4 Name: Unverified Source : 2008-04-18 00:47 ID:wfoFDOnE

Ms. Shvarts is engaged in performance art. Her art project includes visual representations, a press release and other narrative materials. She stated to three senior Yale University officials today, including two deans, that she did not impregnate herself and that she did not induce any miscarriages. The entire project is an art piece, a creative fiction designed to draw attention to the ambiguity surrounding form and function of a woman’s body.

She is an artist and has the right to express herself through performance art.

Had these acts been real, they would have violated basic ethical standards and raised serious mental and physical health concerns.

legendary troll

5 Name: Unverified Source : 2008-04-18 02:55 ID:+O+4q0oG

is correct. This is a hoax.

Rather believable, though, wasn't it? EPATER LE BOURGEOISIE!

6 Name: Unverified Source : 2008-04-18 22:39 ID:wfoFDOnE


Ahahahaha, this thing just keeps getting crazier.

7 Name: Unverified Source : 2008-04-20 10:37 ID:wfoFDOnE

since this might be true again, i've been trying to come to a satisfying opinion on the matter.

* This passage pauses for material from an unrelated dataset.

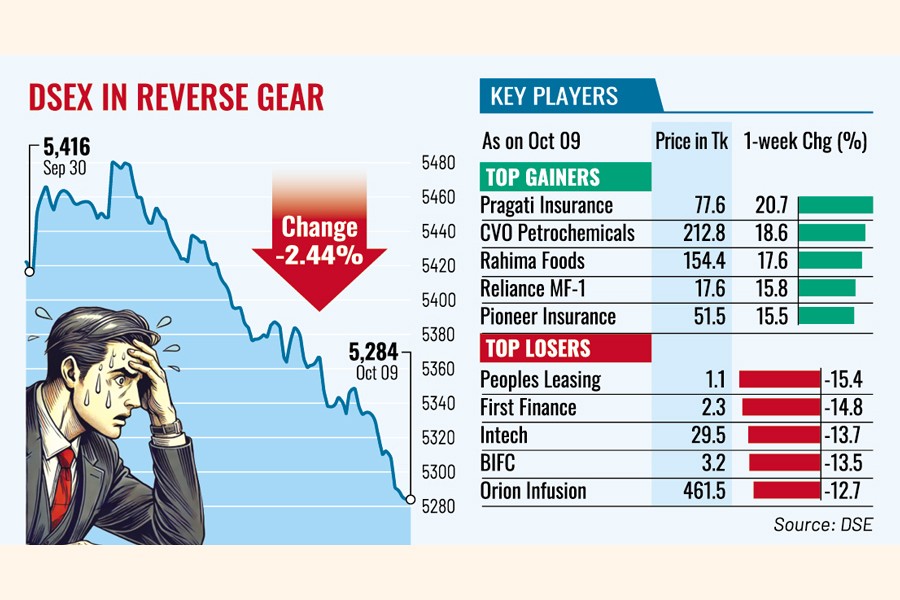This week, only the first trading session ended higher, while the remaining four closed sharply lower, with the DSEX plunging nearly 132 points, or 2.44 per cent, to 5,283 -- its lowest level since July 22 this year.

i'm willing to accept that she wasn't intending to cause a media circus. based on her narrative about her first period i see her as one of those womb-obsessed hippie sorts. at most she may have seen that aspect as simply something to leverage to increase the popularity of her work.
i guess the point is about how the body doesn't have some teological purpose and it can just as well be used to repeatedly cause abortions for artistic purposes than it can be used to fulfill biological imperatives. or something like that.
but ignoring her goals, for a bunch of people she's taken pro-choice and lit it on fire. some come up with arguments that don't touch on the issue itself, like that the work trivializes the experience of women who have abortions. but it's pretty obvious that they still have some unresolved issues with the act itself.
the medium of her work is completely fucking insane. menstrual blood video cube hanging from the ceiling, what the fuck.

8 Name: Unverified Source : 2008-04-20 10:40 ID:Heaven

*read teological as teleological

9 Name: Unverified Source : 2008-04-22 17:47 ID:Heaven

I'm thinking this girl isn't going to find many people in her favor, which probably won't bother her. At this point though, attracting the ire of the whole country, she would do best not to refute Yale's attempts to protect her.

Well anyway... I hope she likes hate mail and death-threats. I don't think this kind of publicity for a gaudy show of art is going to help her career much either; stupid undergrads.